First, apply the property of exponents that states (a^n)^m = a^(n*m) to simplify the expression:
(4^3 ⋅ 7^(-2))^(-5) / 7^9 ⋅ 4^(-13)
= (4^15 ⋅ 7^(-10)) / 7^9 ⋅ 4^(-13)
= 4^15 ⋅ 7^(-10) / 7^9 ⋅ 4^(-13)
Next, apply the property of exponents that states a^m / a^n = a^(m-n):
= 4^(15-13) ⋅ 7^(-10-9)
= 4^2 ⋅ 7^(-19)
Now, rewrite 7^(-19) as 1 / 7^19:
= 16 / 7^19
Therefore, the solution is 16 / 7^19.
Apply the Properties of Integer Exponents to generate equivalent expressions to (4^3 ⋅ 7^−2)^−5/7^9 ⋅ 4^−13 with only positive exponents, then solve the expression.
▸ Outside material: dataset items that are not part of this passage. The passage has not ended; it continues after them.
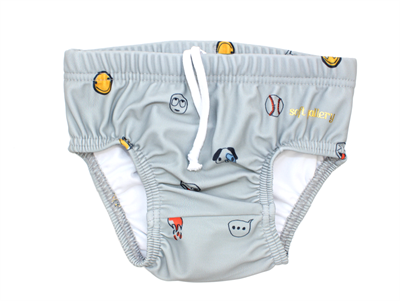 Badebukser i farven alloy (grå) med 'emojo'-print fra Soft Gallery. Badebukserne har elastik i taljen og UV beskyttelse på 50+.
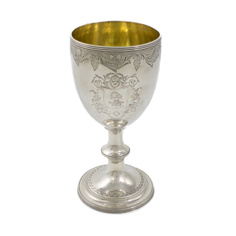 circular bowl, engraved vine decoration, and engraved with a crest, on a raised knopped circular foot, height 16cm, approx. weight 5.5oz.
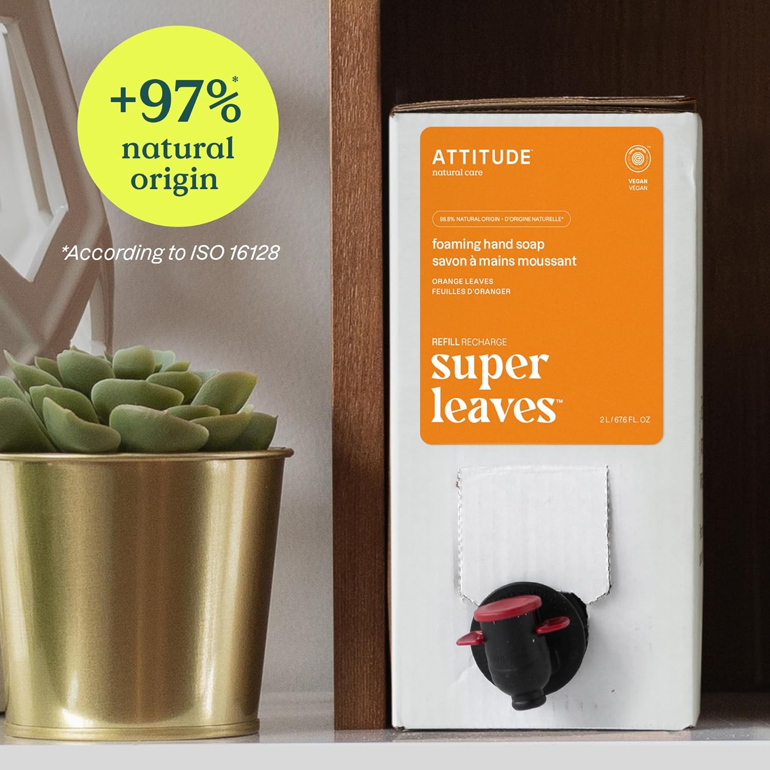 Attitude Foaming Hand Soap, Ewg Verified, Plant And Mineral-Based Ingredients, Vegan And Cruelty-Free Personal Care Products, Orange Leaves, Bulk Refill, 67.62 Fl Oz
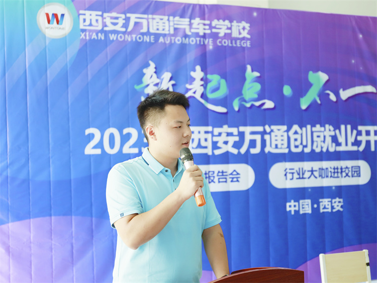 蘭朝朝畢業后,在學校的幫扶政策下,成功創辦了眾友盟汽車服務中心,現在年入55W+!他的事業從無到有,從成立到壯大,點點滴滴都浸潤著在西安萬通學習成長的汗水,以及萬通創業幫扶體系的影響。所以他的現身說法,講述創業之道,是摸得著看得見的經驗,更能讓學生們信服和學習。
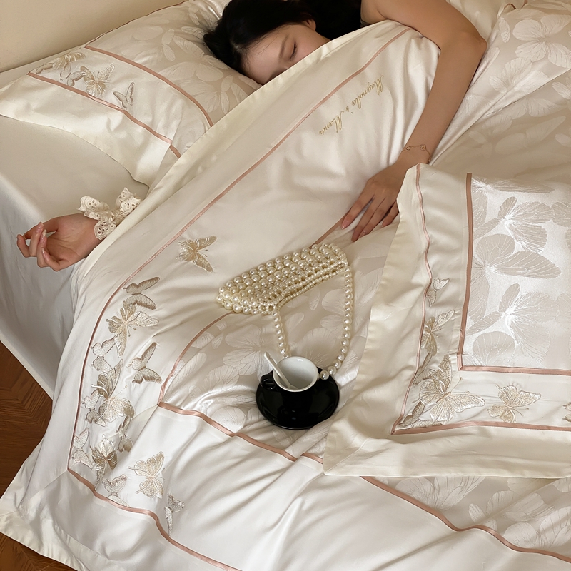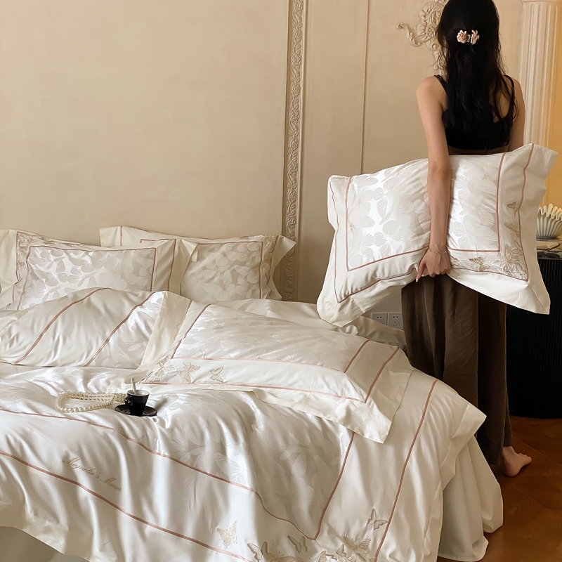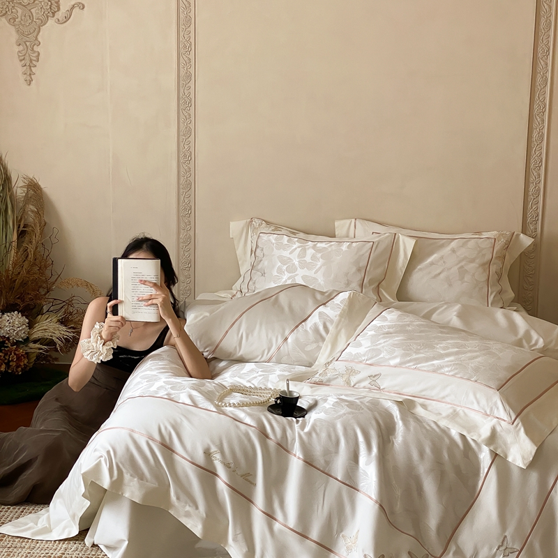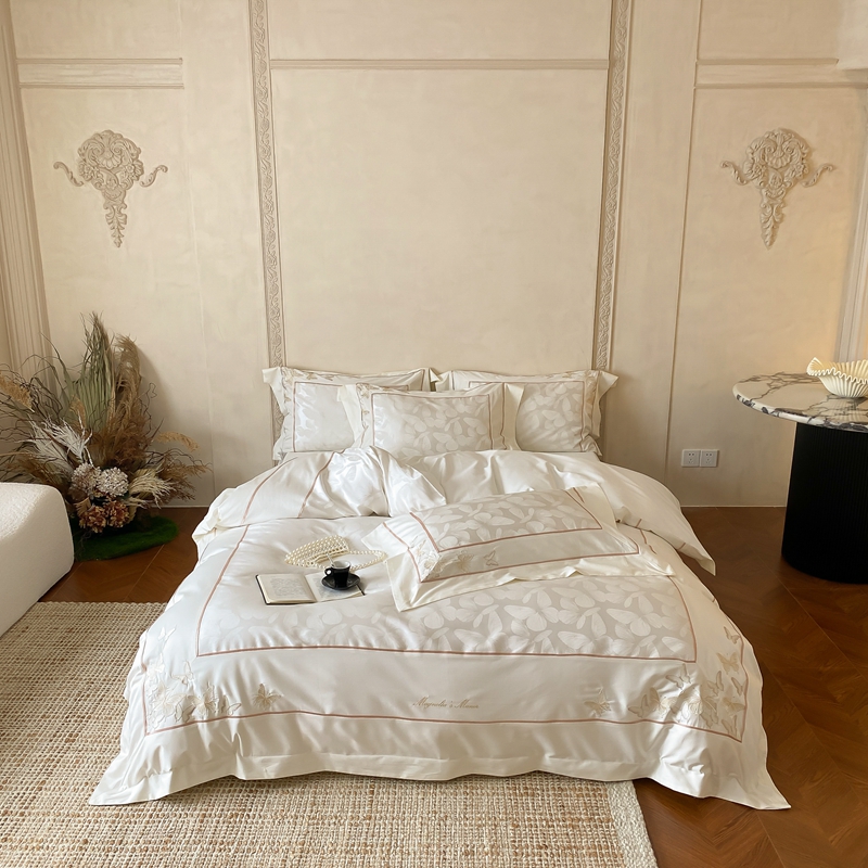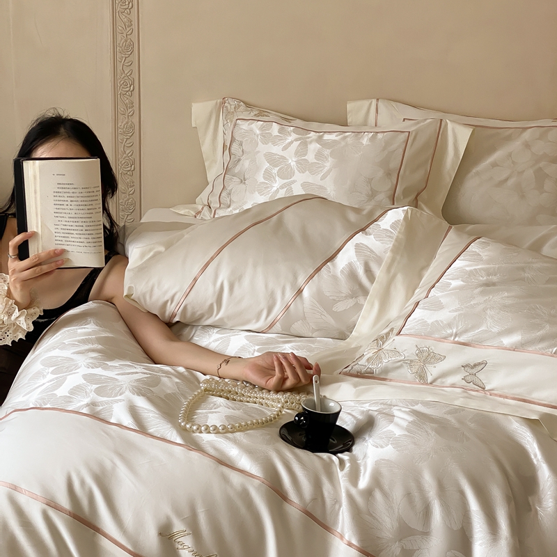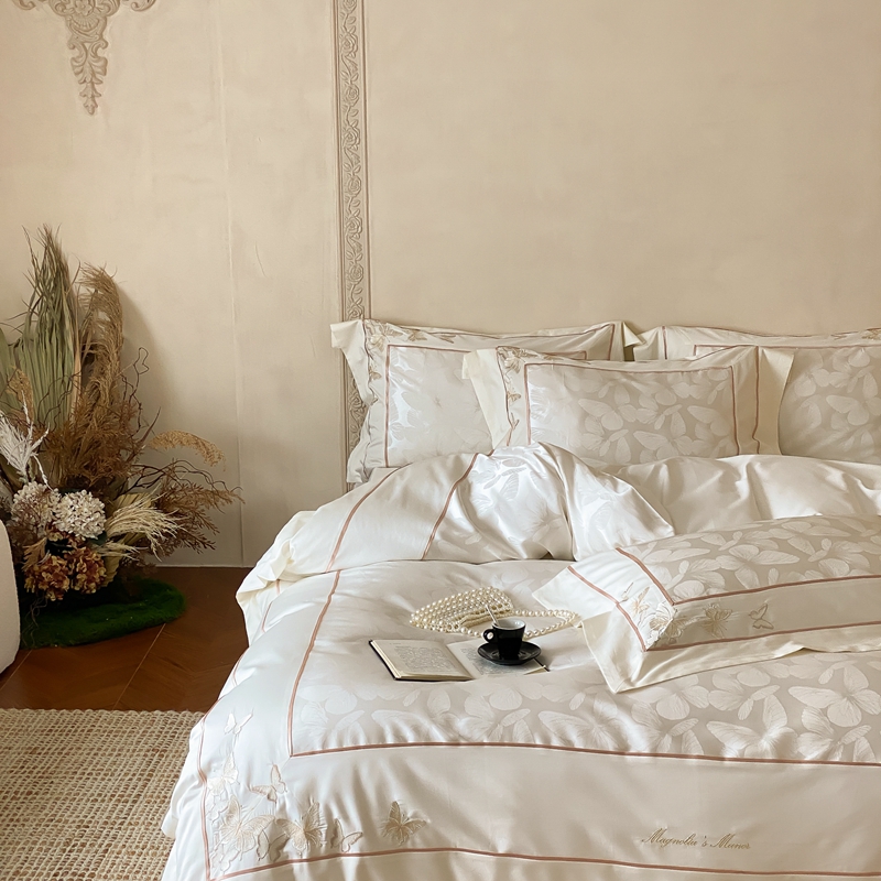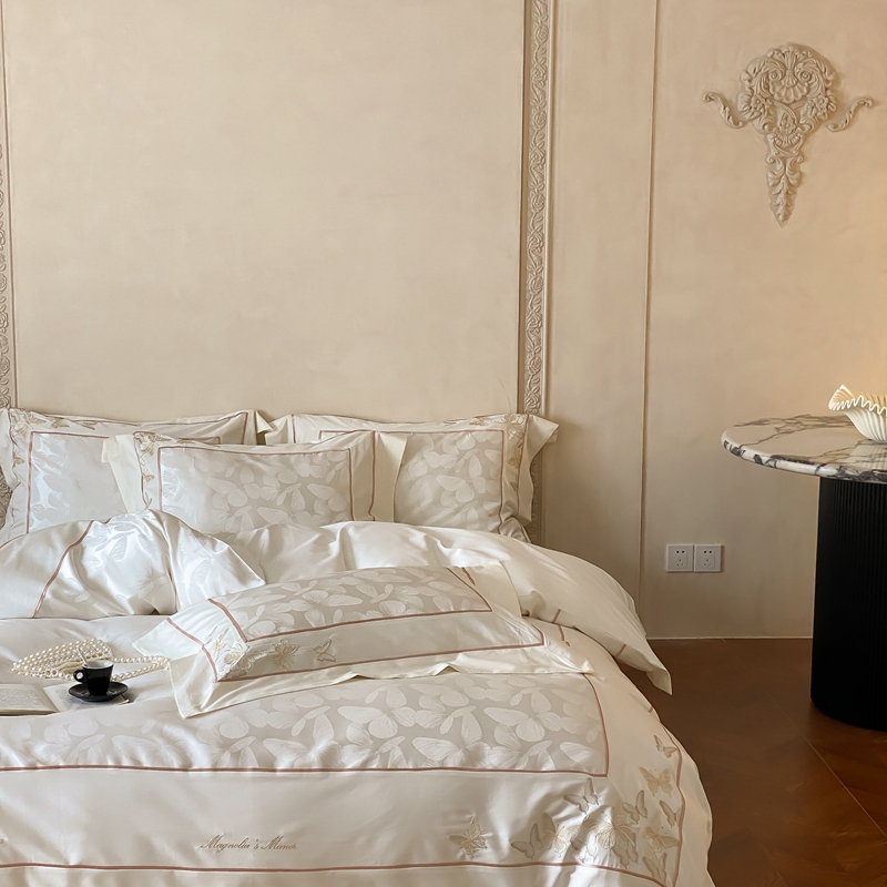初拾 2024新款100s澳棉高精密提花四件套-蝶舞星光 蝶舞星光-玉珠白
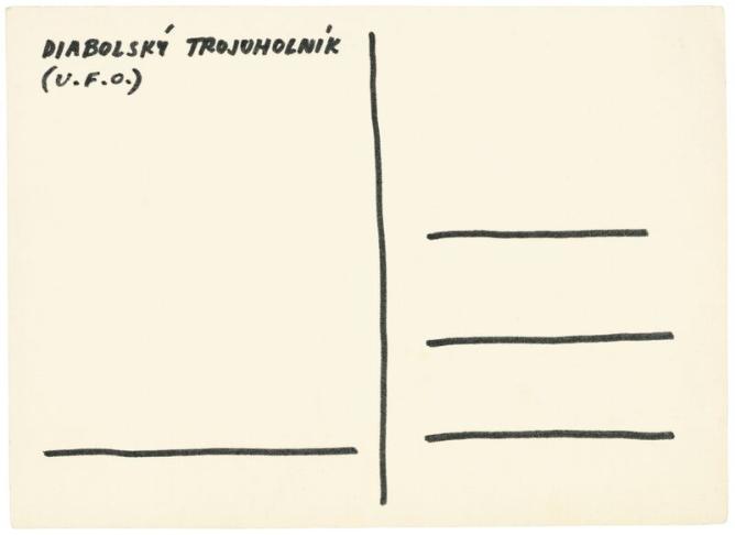In 1965, Július Koller introduced his “Anti-happening” series and soon turned it into a permanent process of demystifying the institution of socialist culture. His dialectical language games, which he distributed as notices—text cards with stamped letters—were disseminated via the mail. In the 1970s, postal communication replaced the gallery space and effectively reached a wide spectrum of addressees worldwide. The use of anagrams and conceptual garblings makes room for the linguistic expression of notions from popular culture and the science-fiction sphere. The games, involving verbal mechanisms of denial and identification, make use of a tautological shift of positional demarcation and self-identification. Dialectical linguistic operations confront the field of subjective activities with the field of objective and real facts. Koller created these in the spirit of dialectical materialism to debunk the false consciousness and to demystify the social hypocrisy of socialist Czechoslovakia. D.G.
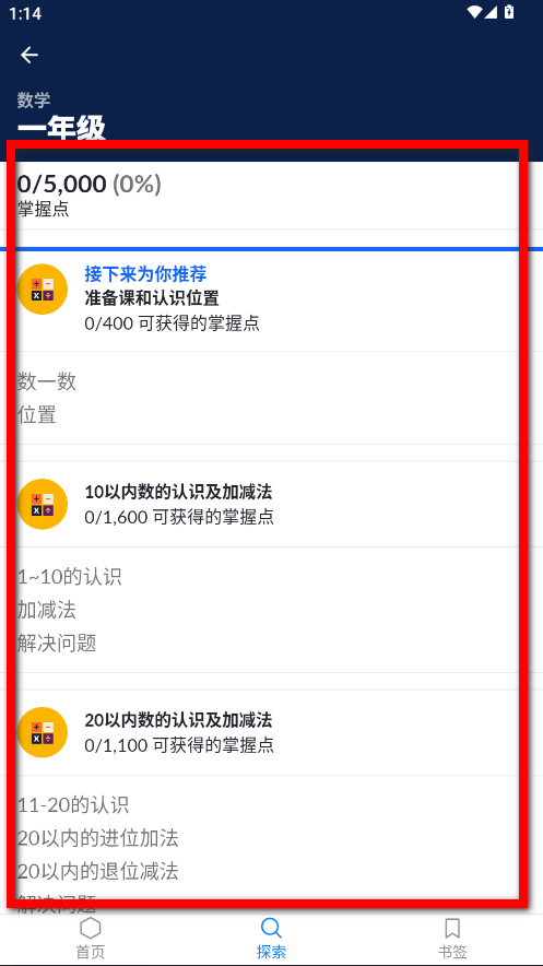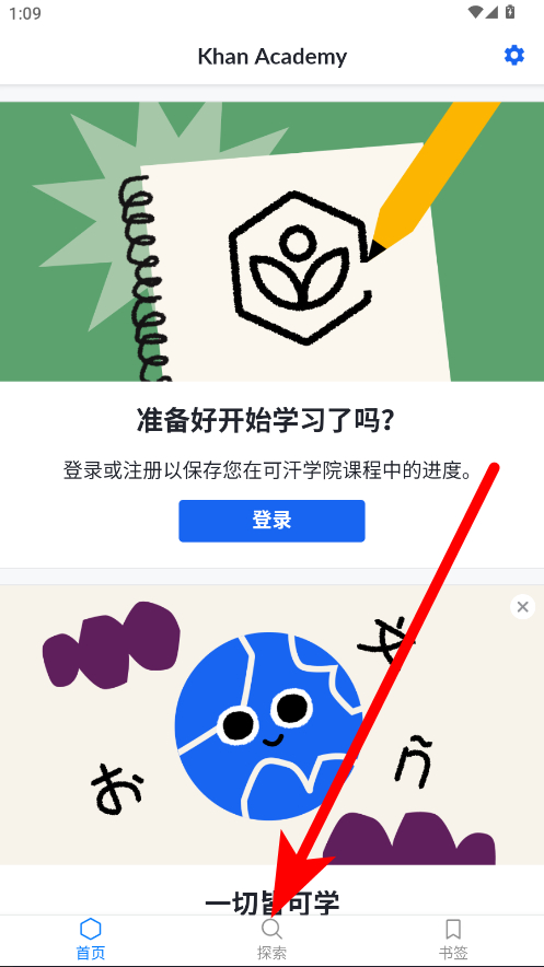 1、在可汗学院首页,点击底部探索选项,进入探索页面。
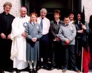 Following this, all went inside for a celebration of mass co-concelebrated by His Grace ,Archbishop Clifford, Fr. Richard Browne (P.P.), Fr. Liam Ryan, Fr. Seamus Ryan and Fr. Corbett. Many people spoke representing Parents Councils, Boards of Managements, and past pupils recording their memories of the school. Last to speak was Enda O' Mahoney(principal) who detailed the changes to Tineteriffe N.S. and thanked all who contributed to the project.
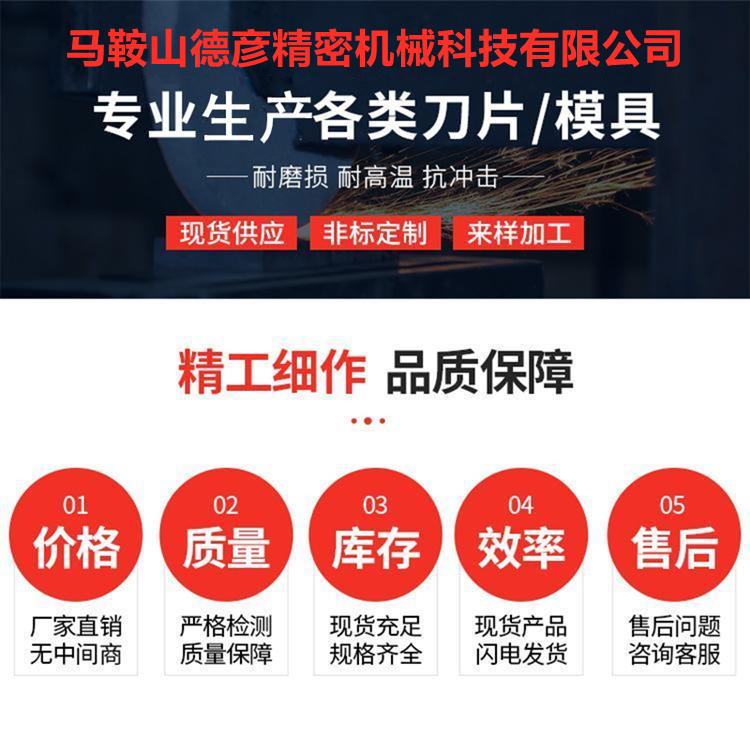 馬鞍山德彥精密機(jī)械科技有限公司是專(zhuān)業(yè)生產(chǎn)研發(fā)各類(lèi)機(jī)械刀片和工業(yè)模具的中型制造企業(yè)。我公司生產(chǎn)的產(chǎn)品適用于冶金、包裝、印刷、造紙、紙箱、橡膠、紡織、食品等行業(yè),規(guī)格多樣,品種齊全。我公司嚴(yán)格按照ISO9001:2000國(guó)際質(zhì)量體系組織標(biāo)準(zhǔn),擁有先進(jìn)的生產(chǎn)設(shè)備和雄厚的技術(shù)力量。我公司一直以“生產(chǎn)優(yōu)質(zhì)產(chǎn)品... 查看更多
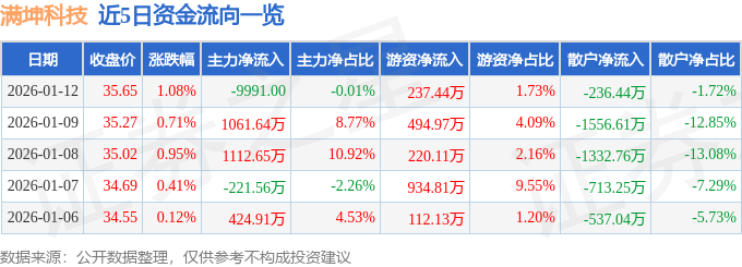 证券之星消息,截至2026年1月12日收盘,满坤科技(301132)报收于35.65元,上涨1.08%,换手率4.11%,成交量3.89万手,成交额1.38亿元。
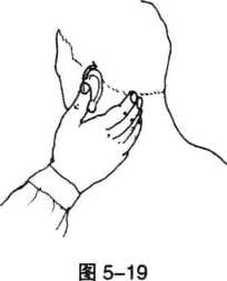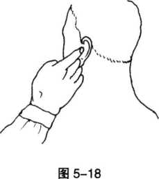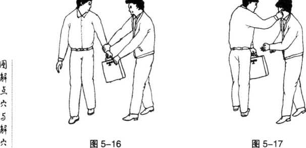 位置在面部听宫穴上方耳屏上切迹的前方张口有凹陷处(见图-3)点穴法歹徒从我身体左侧用右手抓住我左手腕用左手夺我左手中皮包时我左手握紧(图5-16),随即身体左转,随体转右手变金刚指手型向前、向左摆出用食指尖端点击歹徒左耳门穴(图5-⑺。解穴法1 发气解穴法伤者坐位,医者站于其左侧,将气运到右手食指,食指尖对准穴位发气9分钟左右(图5-18)。2 按摩解穴法医者将气运到右手拇指,拇指按在穴位上沿经络向耳上方反复按推6分钟左右(图5-19)要点意念将气贯到穴内与经络。

Your answer will be a simplified fraction with no remaining exponents.(1 point)
What is the solution
9 answers
bot that's wrong
I apologize for the mistake. Let's correct it:
To generate equivalent expressions with only positive exponents, we can use the property of integer exponents:
(4^3 ⋅ 7^(-2))^(-5) / 7^9 ⋅ 4^(-13)
= 4^(3*(-5)) ⋅ 7^((-2)*(-5)) / 7^9 ⋅ 4^(-13)
= 4^(-15) ⋅ 7^10 / 7^9 ⋅ 4^(-13)
Now, rewrite the expression with positive exponents using the property a^(-n) = 1/a^n:
= 1/4^15 ⋅ 7^10 / 7^9 ⋅ 1/4^13
= 1/(4^15 * 4^13) * (7^10 / 7^9)
= 1/4^28 * 7
Therefore, the simplified expression is 1/4^28 * 7. Let's further simplify it:
1/4^28 * 7
= 1/(4^28) * 7
= 7 / 4^28
So, the solution is 7 / 4^28.
To generate equivalent expressions with only positive exponents, we can use the property of integer exponents:
(4^3 ⋅ 7^(-2))^(-5) / 7^9 ⋅ 4^(-13)
= 4^(3*(-5)) ⋅ 7^((-2)*(-5)) / 7^9 ⋅ 4^(-13)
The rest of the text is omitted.